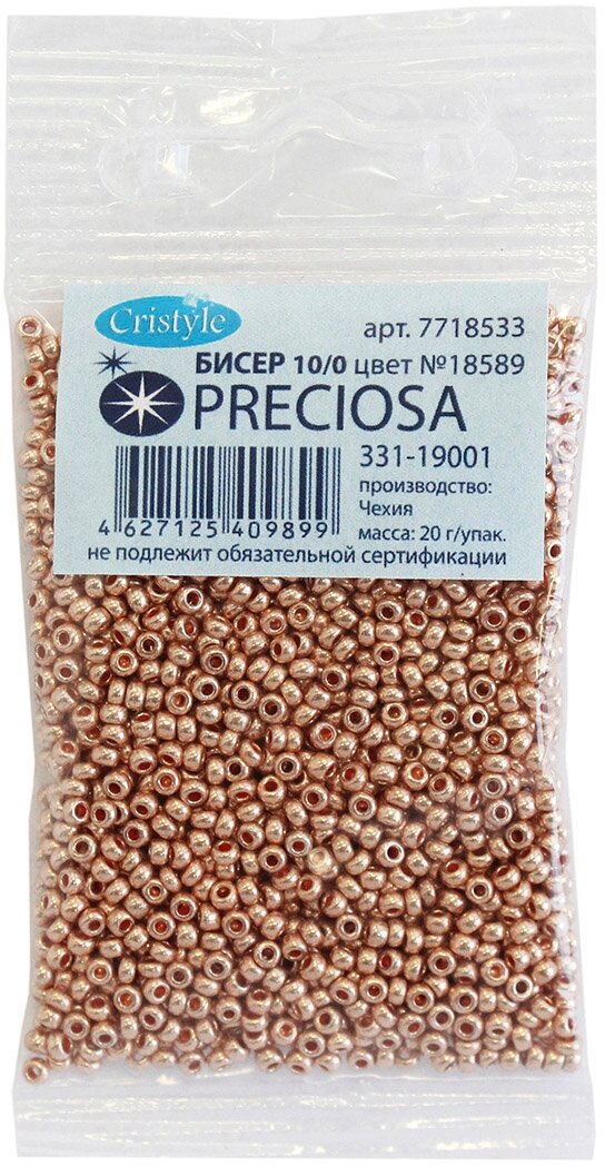 18589 Бисер св.золото 10/0 20гр Preciosa (размер: 10/0=2,1-2,4мм)
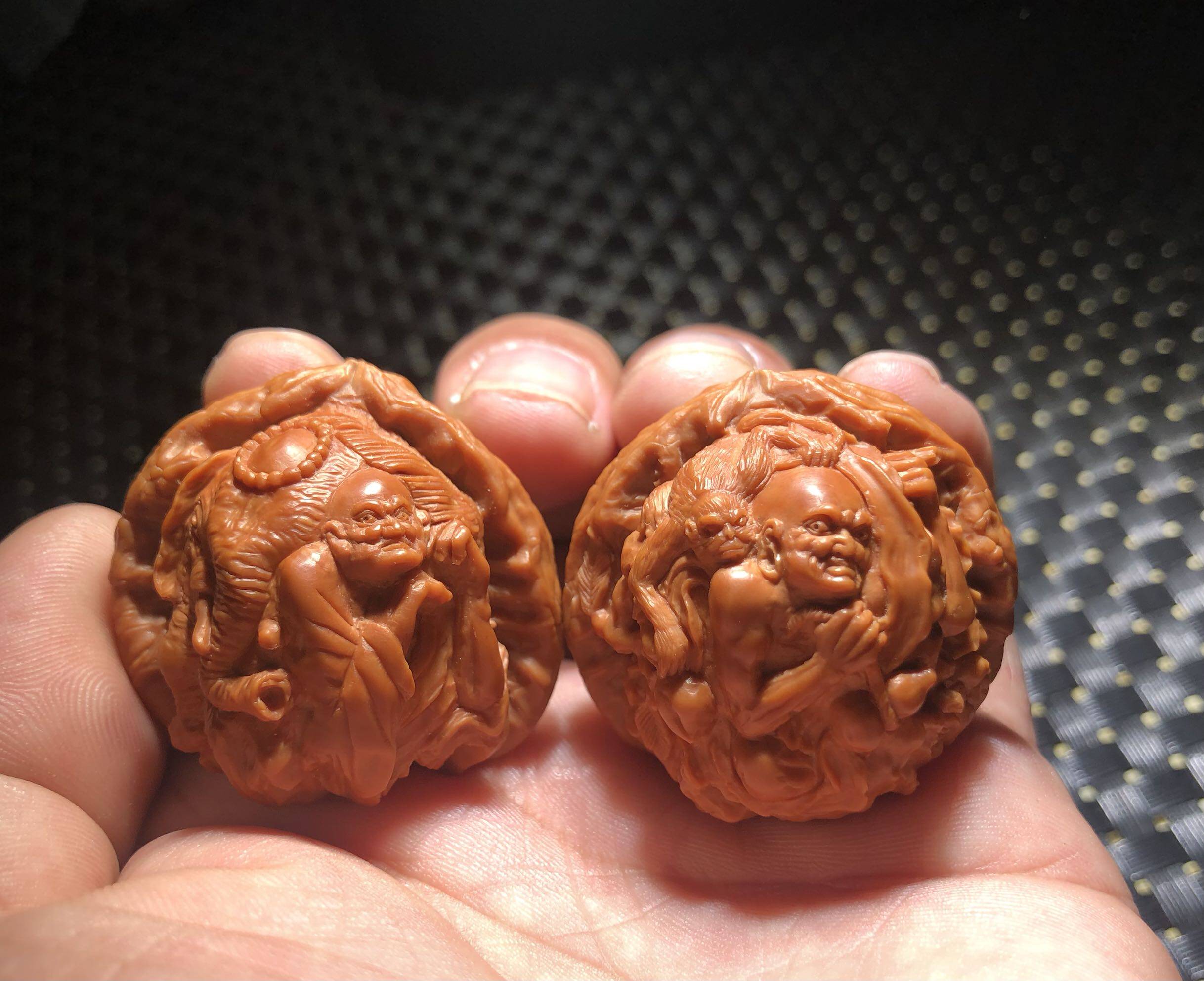 Vin Playing Walnut Pure Handmade Master Sculpted Sheng Rohan White Lion Special Price Concession Small Size Damo 100 Old
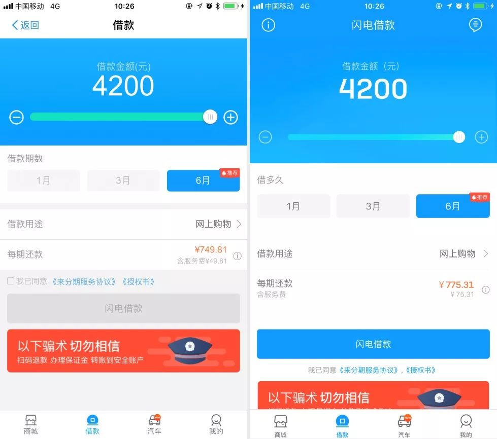 (左为支付宝窗口,右为来分期APP,二者每期还款相差25.5元)
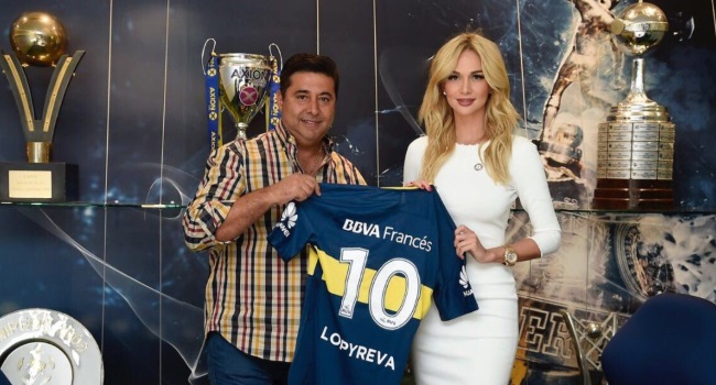 Mientras aprovecha al máximo de su estadía en la Argentina, Victoria Lopyreva, una de las representantes de la próxima cita mundialista acudió a La Bombonera en compañía del presidente de la AFA y el de Boca, Claudio Tapia y Daniel Angelici respectivamente.

• [PROBLEM TO WORK ON]: Nothing but the text is wanted: repeat the data above exactly, without its images.

• [TASK ANSWER]:
 18589 Бисер св.золото 10/0 20гр Preciosa (размер: 10/0=2,1-2,4мм)
 Vin Playing Walnut Pure Handmade Master Sculpted Sheng Rohan White Lion Special Price Concession Small Size Damo 100 Old
 (左为支付宝窗口,右为来分期APP,二者每期还款相差25.5元)
 Mientras aprovecha al máximo de su estadía en la Argentina, Victoria Lopyreva, una de las representantes de la próxima cita mundialista acudió a La Bombonera en compañía del presidente de la AFA y el de Boca, Claudio Tapia y Daniel Angelici respectivamente.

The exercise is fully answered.